Glitches in digital currency raises concerns Globally


By MYBRANDBOOK


Glitches in digital currency raises concerns Globally

The ambiguities surrounding the digital currency still leave enough space for the analysis of its unreserved acceptance, trust and anticipation, which are the main drivers for the spread of the network. It is time for the Banks to carefully consider the technology underlying these cryptocurrencies as a potential generic new way of transferring ownership of the value over the long term. Especially Bitcoin is the technology adoption in the presence of network externalities. The growth in digital currencies could make cross-border payments more efficient and help address the $1.7 trillion global trade financing gap.

 

These burgeoning currencies may not solve all trade issues, however, and could further complicate the supply and demand of foreign exchange, especially for countries with limited existing international trade. There is no doubt that the digital currencies are growing: the market is valued at more than $2 trillion and involves more than 15,000 varieties. Based on the Atlantic Council’s CBDC tracker, nine countries or currency unions have launched their digital currencies, while 15 are in the pilot phase. Additionally, 16, including India, are in the development stage, and 40 are in the research stage. Seven are inactive and two have cancelled any plans to launch it.

 

Digital currencies could provide alternative credit information for trade finance and there’s a $1.7 trillion global trade financing gap, which heavily impacts SMEs who typically don’t have established financial records with banks. Public ledgers of digital currencies could be used to share payment and financial history to underwrite loans for import and export. At the same time, strong privacy protocols would need to be enforced in order to achieve this.

 

The Reserve Bank of India will launch the CBDC from the upcoming financial year. This follows the government’s plans to launch the CBDC that will be backed by blockchain technology. The volatility and the speculative nature of private cryptocurrencies like Bitcoin, Ether, etc is what is pushing many central banks across the world to adopt their own digital currencies.

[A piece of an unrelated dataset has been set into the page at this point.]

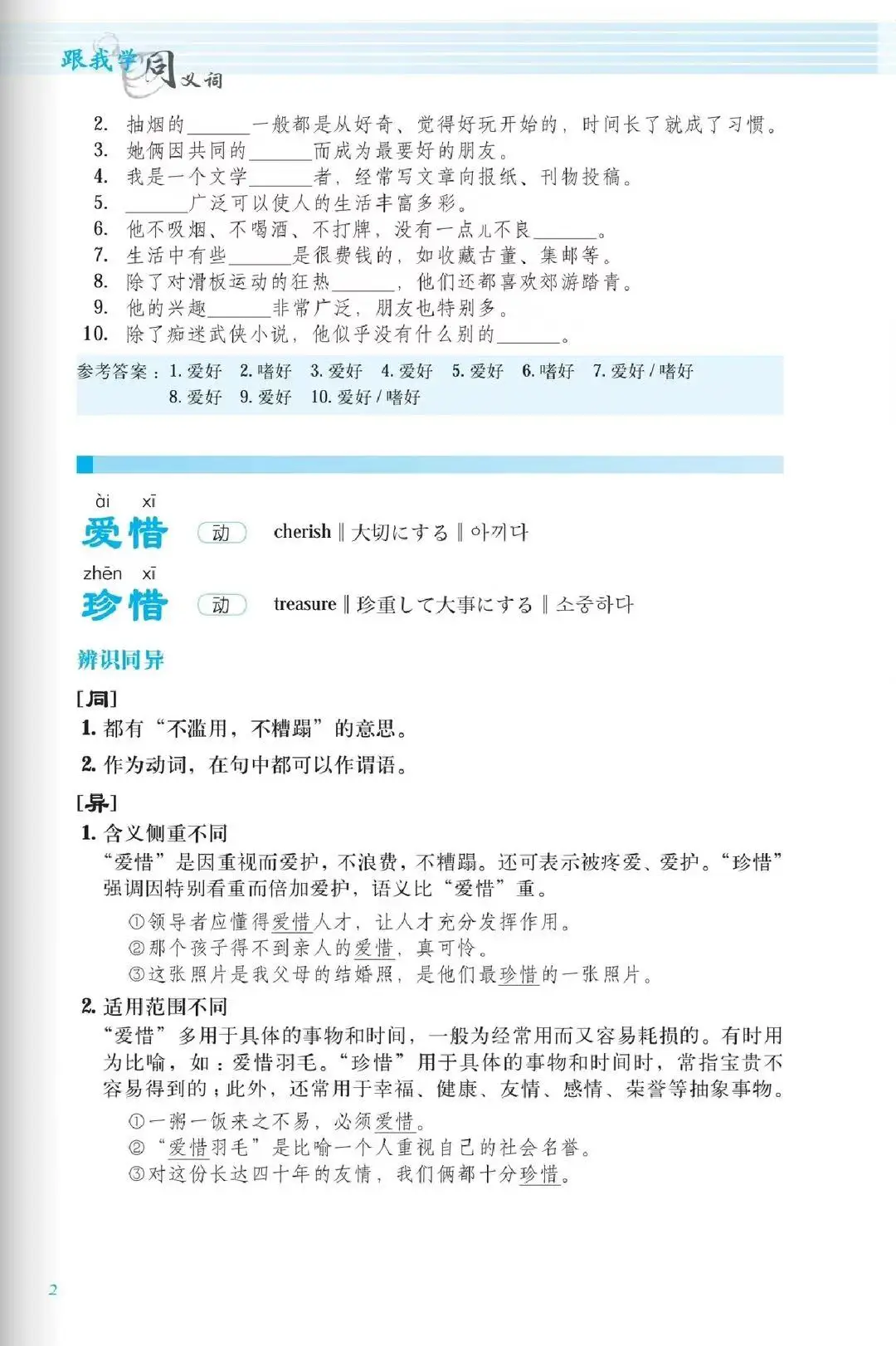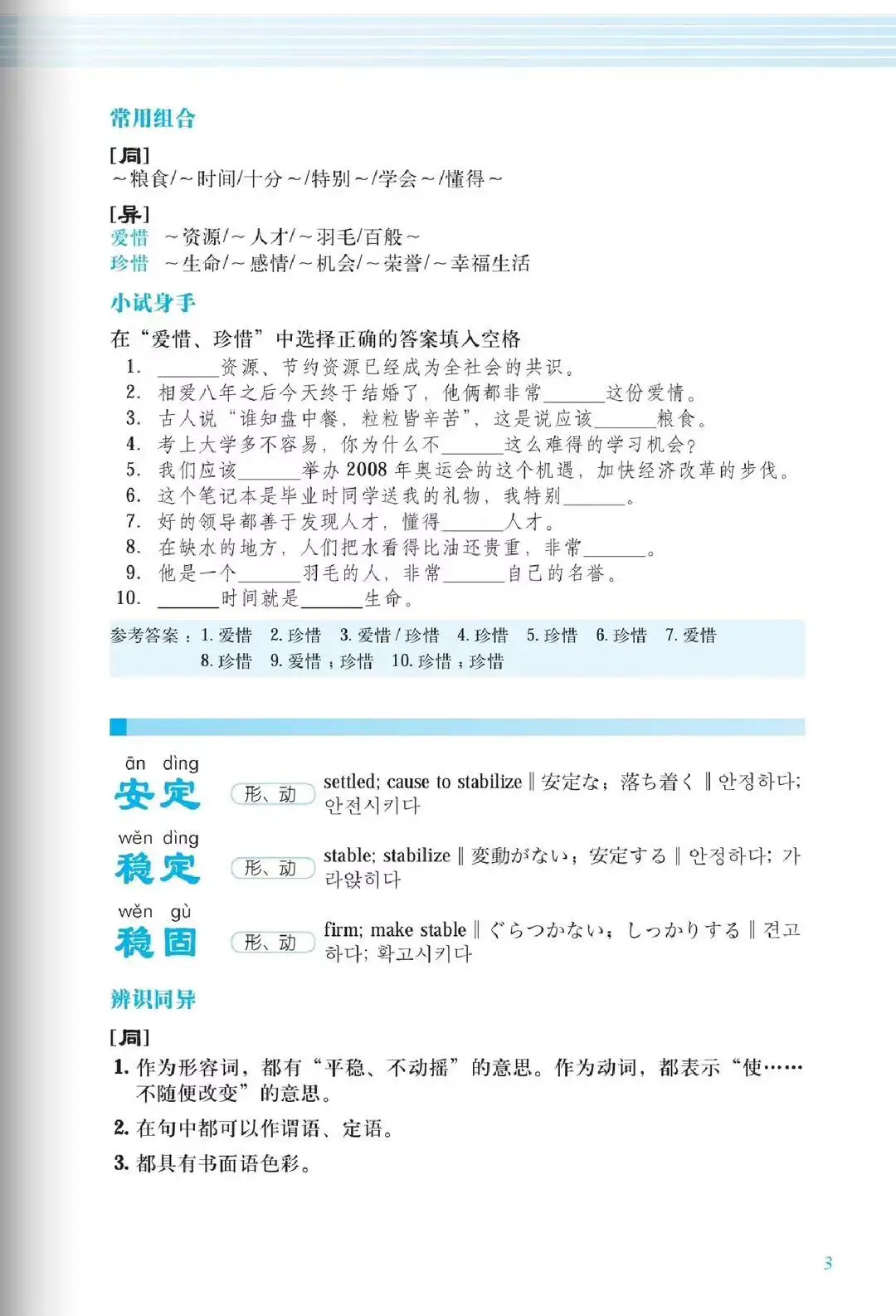 A Handbook of Chinese Synonym is a thesaurus designed for intermediate and advanced Chinese learners who want to learn how to discriminate between synonyms. It contains a total of 725 sets of synonyms, totalling about 1600 words which are common and easy to misuse. The headwords in every set of synonyms are annotated with the part-of-speech, pinyin and corresponding translation in English, Japanese and Korean. There are three sections for every set of synonyms, named "Similarities and differences", "Collocation" and "Exercises".

Hence, the central bank wants to use CBDCs to provide users with convenience and security of digital as well as the regulated, reserve-backed circulation of the traditional banking system.

 

 

Whereas, there were glitches found in the digital currency that is being used by seven Caribbean nations that have kept it offline for more than a month. As we head towards a new age where money and trade in goods and services are more and more digitized, it is crucial to ensure no one is left behind. Finally, despite their promising potential, digital currencies may not, however, solve some existing problems facing international trade and could raise new issues, where security is going to be a major concern.